Debates about generative AI in higher education have been informed by studies of
completed student papers, or self-reported
survey data. Research shows that artificial intelligence tools can support learning, but also has raised concerns, including students’ overreliance, cheating, and the potential degradation of critical thinking and engagement. While these types of studies provide interesting snapshots of reported practices, their methodologies may hide something important: how writing actually unfolds while students are composing with the assistance of AI. A pilot study I led of undergraduate writers at Kennesaw State University takes a different approach. Using
think-aloud protocols – a method where participants verbalize their thoughts while performing – our research captures how students interact with generative AI tools during the writing process itself. This method helps us understand decision-making processes as they occur. Our preliminary findings suggest a more complex reality than the common narrative that students are simply having AI write their assignments. Instead, many students appear to be negotiating when and how AI belongs in their writing.
Looking inside the writing process
In our study, 20 undergraduate students completed a 20-minute writing session responding to the following prompt:
People spend a lot of time trying to achieve perfection in their personal or professional lives. People often demand perfection from others, creating expectations that may be challenging to live up to. In contrast, some people think perfection is not attainable or desirable.

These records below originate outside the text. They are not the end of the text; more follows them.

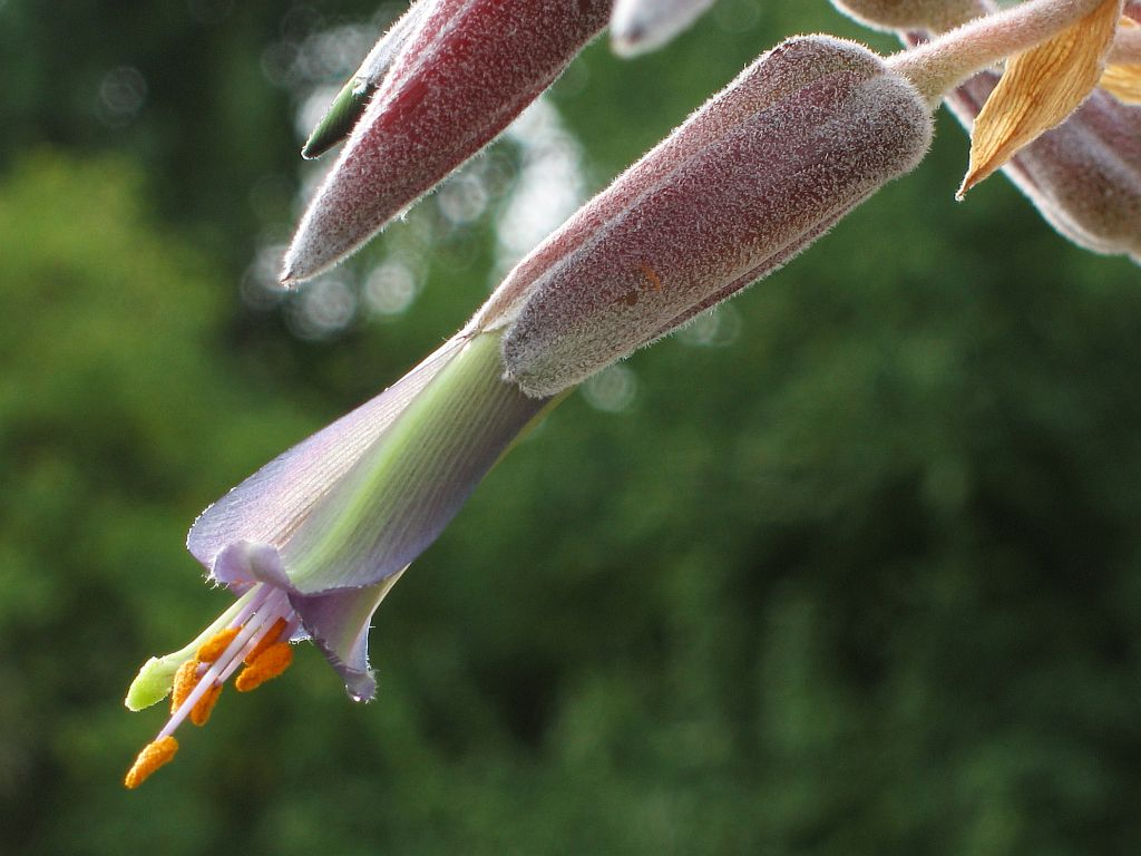 Puya sanctae-crucis, in cultivation at the Botanical Garden of Heidelberg, Germany.
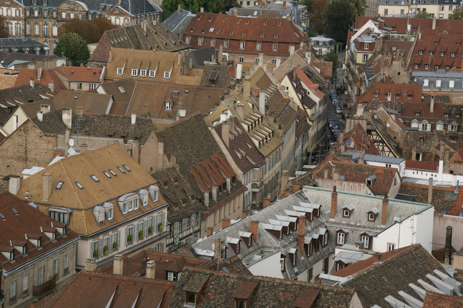 View from to the north east from the tower of Strasbourg Cathedral, Strasbourg, Alsace, France
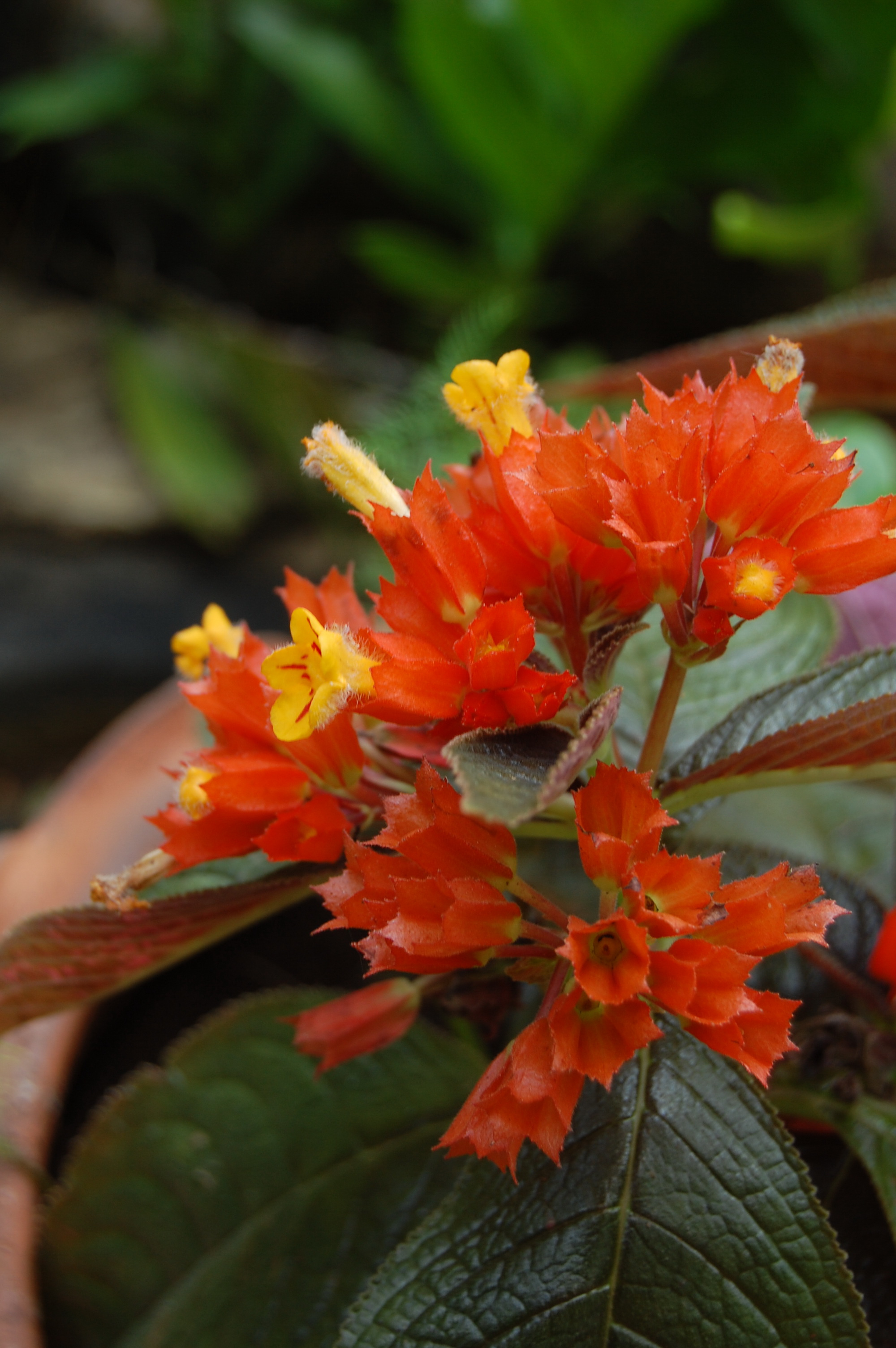 Chrysothemis pulchella
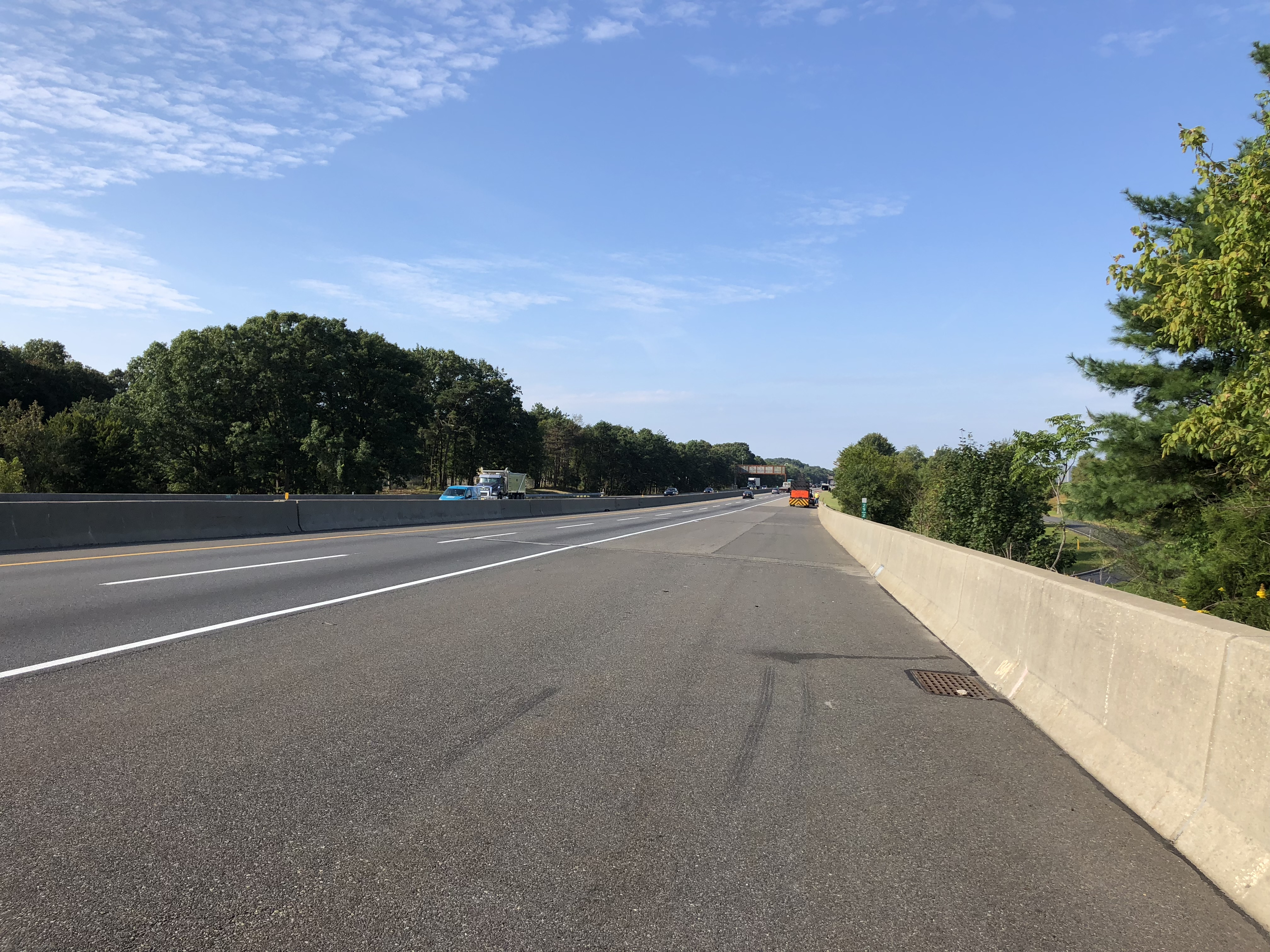 View south along New Jersey State Route 700 (New Jersey Turnpike) between Exit 4 and Exit 3 in Haddonfield, Camden County, New Jersey

The assignment was to draft a thesis and evidence-based paragraphs that argue their position on the value of striving for perfection. Students were told they were not expected to complete them but to work through their writing process toward finishing. Students were told there were no right or wrong ways to use AI and were asked to use generative AI exactly as they normally would while writing. Instead of direct observation, the study relied on post-session screen recordings and analysis of students describing their process. Collecting this data – their actions on the computer and transcripts of the voice recordings – allowed researchers to analyze the writing process without interrupting it. To reduce the possibility that students might alter their behavior if they felt observed, researchers set a timer and left the room during the writing session. The goal was to minimize the
Hawthorne Effect, a phenomenon in which people change their behavior because they know they are being watched.
What we found
Across the transcripts, a few qualitative patterns consistently emerged in how students collaborated with AI while writing. First, many participants turned to AI at the beginning of the writing process to help generate ideas or draft a thesis. What we see in this practice is the student using AI-generated output to spark and shape their own ideas. One student explained the strategy this way: “After [generating a few ideas,] I usually just use that [output] as a prompt.” In these moments, AI functioned less as a final answer and more as a brainstorming tool that helped students move past the blank page. However, students frequently continued drafting independently after generating initial ideas. Many transcripts include statements such as “I think my thesis should be …” or “Let me write this part,” suggesting that some students retained control over their argument.
Editing the bot
Another strong pattern across transcripts is that students rarely accept AI text without editing it. Instead, they actively revise the generated language. As one student described the process, the AI “rewrites” their initial prompts and then the student rewrites the AI’s output. This allows the student to claim “authorship and ownership” of the final draft. Another participant redirected the AI response when it did not align with the assignment: “AI is not following the prompt … try again.” These moments show students evaluating AI output critically and treating it almost as a sparring partner, rather than simply copying it. We also found that some students rejected AI’s suggestions altogether. In several writing sessions, participants explicitly decided not to use the AI responses. One student reflected on this decision while composing: “I don’t really use AI for my research.” Other transcripts show students switching back to their own writing when AI responses felt too generic or disconnected from their argument. These moments indicate that students are not only collaborating with AI, but they are also drawing boundaries around where it belongs in their writing process. Finally, several transcripts showed students turning to AI during moments of uncertainty or when they felt stuck. As one participant explained, “I used a lot of AI because I was struggling.” Even in those cases, students often used AI as support as they drafted their essays, rather than directly copying and pasting its responses.
What this says about AI and writing
Our analysis suggests that generative AI is entering student writing not as a wholesale replacement for human authorship, but as part of a negotiated collaboration. The results suggest that AI most often enters the composing process during idea generation, revision and moments of writer’s block, while students maintain control over argument choice, voice and final phrasing. Understanding how decisions to use AI unfold during the writing process, and not just what appears in the final essay, may help educators
design assignments and policies that keep the human writer firmly at the helm. Because our current findings come from a pilot cohort of 20 undergraduate writers, the results should be interpreted cautiously. To test whether these patterns hold at a larger scale, the research team is expanding the study to 100 undergraduate participants. The expanded study will also examine how neurodivergent writers interact with generative AI during composing, an area that remains largely unexplored in current research.
Undergraduate student researchers at Kennesaw State contributed to the preliminary analysis described in this article: Kylee Johnson, Vara Nath, Ruth Sikhamani and Kaylee Ward.